Partitions: A Global Perspective

In November 2019, Omer Bartov organized the workshop "Partitions: A Global Perspective," alonsgide Arie Dubnov (George Washington University) to initiate an interdisciplinary academic dialogue between established and junior scholars who study partition from different angles.

In the seventh event of the multi-year project directed by Bartov, the workshop aimed to read the politics of separation and partition in a historical context and to locate the history of partition in Palestine in a global, comparative perspective. Participants were asked to examine the genesis of the idea of partition, the ways in which it emerged as a political "solution" across widely divergent territories, the legal and political language that was used to codify and justify it, and the methods by which the theory of partition was executed and made into practice. The workshop also focused on reactions to or artistic representations of partition. 
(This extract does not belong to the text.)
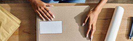 cropped view of hard working african american female merchant with hands on post packet, banner
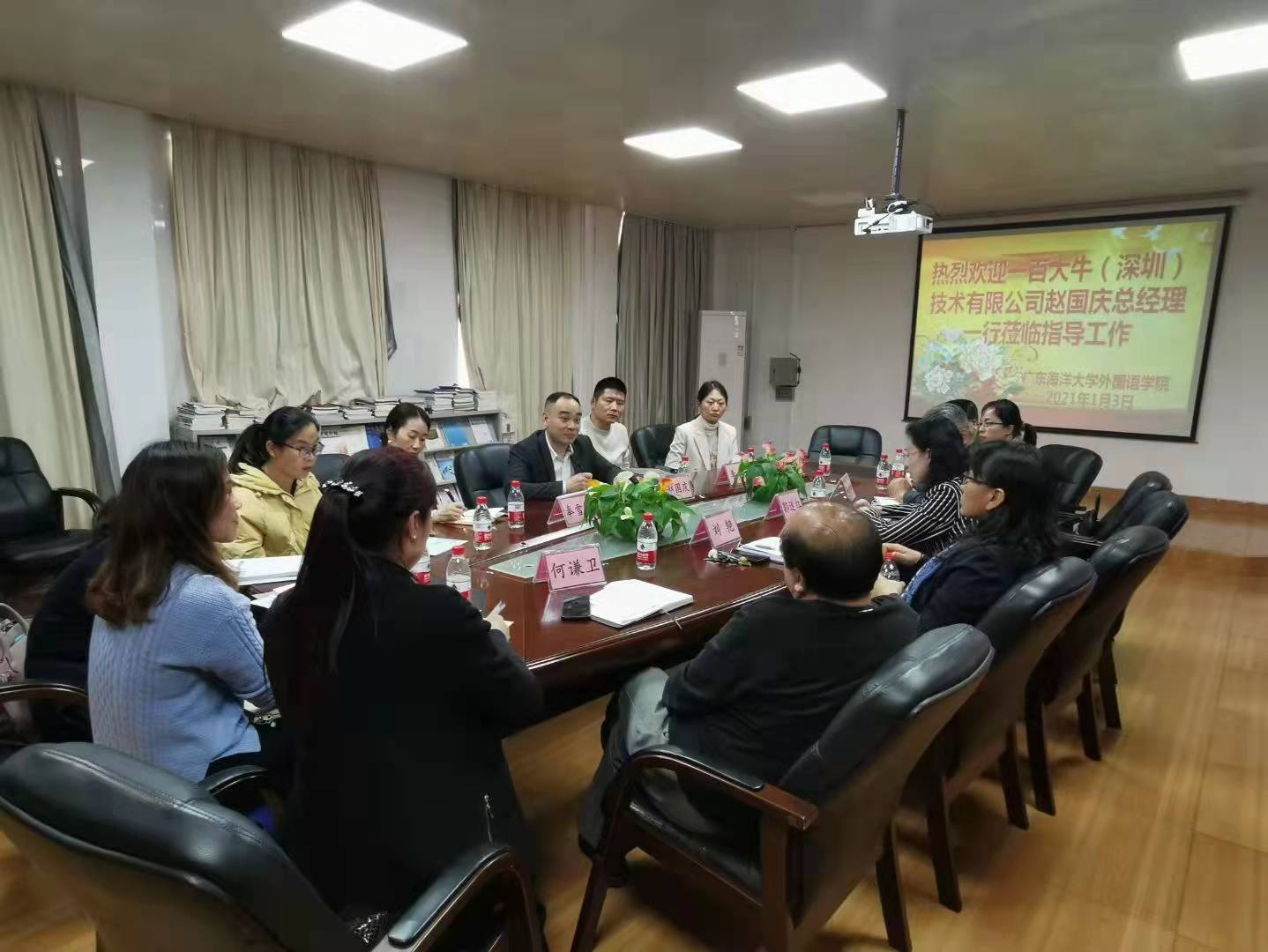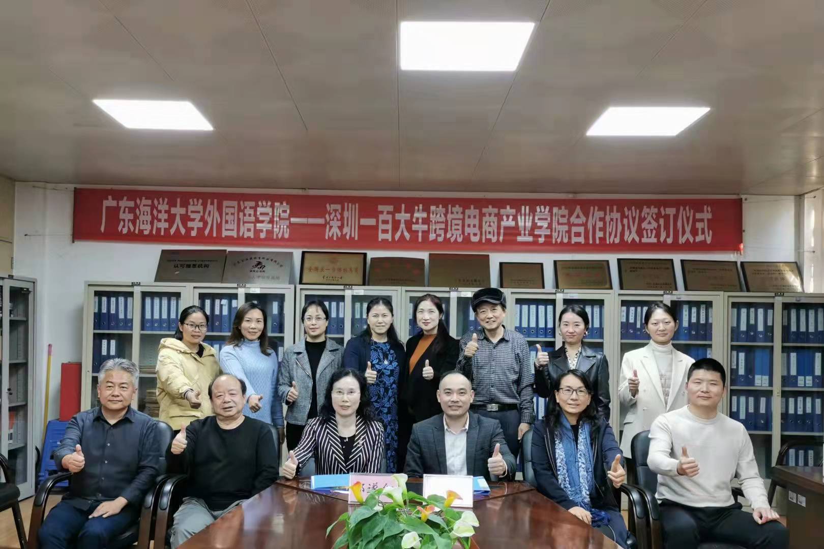 1月3日,点点taptap在湖光校区兴教楼105举行了“点点taptap-深圳一百大牛跨境电商产业公司合作协议”签订仪式。点点taptap经理郭遂红教授、一百大牛(深圳)技术有限公司CEO赵国庆先生分别代表双方在协议书上签字。公司领导正处级辅导员刘艳副书记、何谦卫副经理、安丰科副经理、语言实训中心正副主任,英语系副主任,党政办公室主任,负责跨境电商实践课程教师和一百大牛(深圳)技术有限公司粤西片区李威总经理、校企合作总监奉雪梅等人参加活动。

Opening with a public panel that discussed Eric Weitz's new major monograph "A World Divided: The Global Struggle for Human Rights in the Age of Nation States," the workshop then engaged intensively with 11 papers on topics ranging from the Italian-Austrian borderland region of Trentino, the decolonization of Algeria, the origins of the Irish partition, and the cases of Rwanda and Burundi, to several discussions of the partition plans of Palestine, the origins and violent realities of the partition of India, and the long-term legacy of partitioning the subcontinent's vast cultural property. The workshop ended with a wide-ranging discussion of the historical and legal genealogy of partition and its peculiarities in the age of self-determination. Participants noted that the workshop's comparative and multi-disciplinary approach was both intellectually enriching and helpful to their own scholarly pursuits.